The chatbot also performed well on the Similarities and Information subtests, reaching the maximum attainable scores. The Information subtest is a test of general knowledge and reflects intellectual curiosity, level of education and ability to learn and remember facts. A typical question might be: “What is the capital of Ukraine?” The Similarities subtest measures abstract reasoning and concept formation skills. A question might read: “In what way are Harry Potter and Bugs Bunny alike?” In this subtest, the chatbot’s tendency to give very detailed, show-offy answers started to irritate me and the “stop generating response” button of the test software interface turned out to be useful. (Here’s what I mean about how the bot tends to flaunt itself: The essential similarity of Harry Potter and Bugs Bunny relates to the fact that they are both fictional characters. There was really no need for ChatGPT to compare their complete histories of adventures, friends and enemies.)
On general comprehension, ChatGPT answered correctly questions typically posed in this form: “If your TV set catches fire, what should you do?” As expected, the chatbot solved all the arithmetic problems it received—ploughing through questions that required, say, taking the average of three numbers.

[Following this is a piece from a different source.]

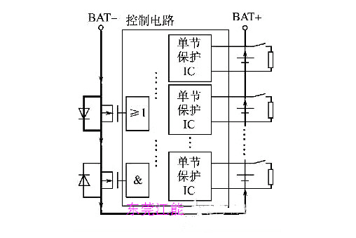 1 鋰電池組保護(hù)板均衡充電原理結(jié)構(gòu)
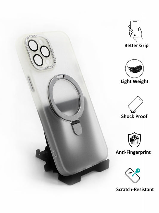 IPhone Premium Soft Polycarbonate Transparent Case/Cover | Ring Stand, White Color

So what finally did it score overall? Estimated on the basis of five subtests, the Verbal IQ of the ChatGPT was 155, superior to 99.9 percent of the test takers who make up the American WAIS III standardization sample of 2,450 people. As the chatbot lacks the requisite eyes, ears and hands, it is not able to take WAIS’s nonverbal subtests. But the Verbal IQ and Full Scale IQ scales are highly correlated in the standardization sample, so ChatGPT appears to be very intelligent by any human standards.
In the WAIS standardization sample, mean Verbal IQ among college-educated Americans was 113 and 5 percent had a score of 132 or superior. I myself was tested by a peer at college and did not quite reach the level of ChatGPT (mainly a result of my very brief answers lacking detail).
So are the jobs of clinical psychologists and other professionals threatened by AI? I hope not quite yet. Despite its high IQ, ChatGPT is known to fail tasks that require real humanlike reasoning or an understanding of the physical and social world. ChatGPT easily fails at obvious riddles, such as “What is the first name of the father of Sebastian’s children?” (ChatGPT on March 21: I’m sorry, I cannot answer this question as I do not have enough context to identify which Sebastian you are referring to.) It seems that ChatGPT fails to reason logically and tries to rely on its vast database of “Sebastian” facts mentioned in online texts.
“Intelligence is what intelligence tests measure” is a classical if overly self-evident definition of intelligence, stemming from a 1923 article by a pioneer of cognitive psychology, Edwin Boring. This definition is based on the observation that skills on seemingly diverse tasks such as solving puzzles, defining words, memorizing digits and spotting missing items in pictures are highly correlated. The developer of a statistical method called factor analysis, Charles Spearman, concluded in 1904 that a general factor of intelligence, called a g factor, must underlie the concordance of measurements for varying human cognitive skills. IQ tests such as WAIS are based on this hypothesis. However, the very high Verbal IQ of ChatGPT combined with its amusing failures means trouble for Boring’s definition and indicates there are aspects of intelligence that cannot be measured by IQ tests alone. Perhaps my test-skeptic patients have been right all along.
This is an opinion and analysis article, and the views expressed by the author or authors are not necessarily those of Scientific American.